The EU calls on South Africa to resolve impasse

Over the last two weeks, there have been indications of some behind-the-scenes movement that show WTO members’ willingness to arrive at a consensus on the intellectual property response to the pandemic. Although at the face of it, there has been no structural change in the way countries have aligned on the TRIPS Waiver discussions, nevertheless there has been greater engagement among members, sources familiar with the discussions say. As we reported last week, during the General Council meeting at the WTO, officials had suggested “a subtle shift” in these discussions.

What continues to be unclear however, is whether the direction of this shift is towards the bold proposal made by South Africa and India, on temporarily suspending a range of intellectual property protections in order to unplug bottlenecks in the manufacturing of medical products, to swiftly respond to the pandemic.

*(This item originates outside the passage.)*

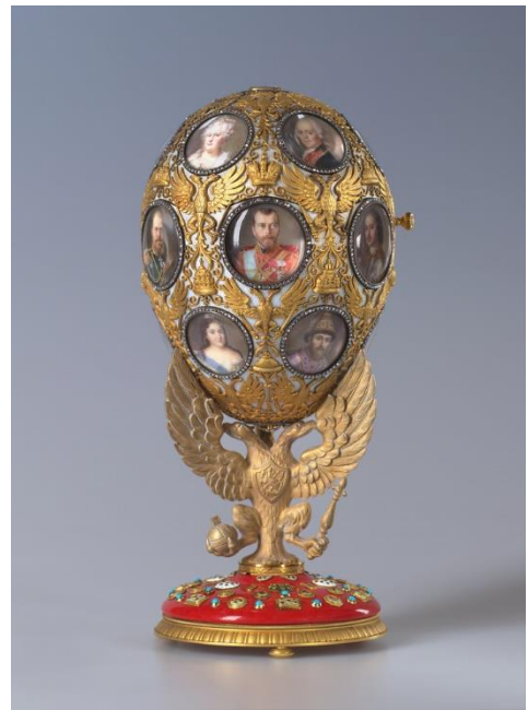
Faberge Egg – made for the imperial family by Peter Carl Faberge

The “shift” was welcomed by the EU, UK, Norway and other opponents to the waiver proposal, at a TRIPS Council formal meeting at the WTO this week, where they highlighted the emerging “points of convergence”.

Soon, there were reports on a new proposal by the EU that underscores existing flexibilities in the WTO TRIPS agreement, without changing intellectual property ownership and the benefits that accrue.

The proposal appears to take forward its intention of mostly tweaking with compulsory licensing provisions (EU’s earlier proposal), but having “waiver-like characteristics”.

(Sources close to the discussions clarified to us, that this proposal was not clearly EU’s proposal, but admitted that the said document was a technical paper used in the discussions and closely portrays prevailing EU’s position on these issues.)

It is understood that the EU invited negotiators from developing countries, particularly South Africa.

Reuters reported that South Africa and the EU were in intense talks to resolve impasse. Separately, Politico also discussed a September 30 position paper that showed no change in EU’s plan (Politico: EU stands by opposition to vaccine IP waiver but touts 'convergence')

This story discusses this new EU proposal, in light of the demands made by the proponents of the waiver. We also bring you updates from the TRIPS Council discussions this week. In addition, significant remarks made by WTO DG Ngozi Oknojo-Iweala and USTR’s Katherine Tai are also featured here.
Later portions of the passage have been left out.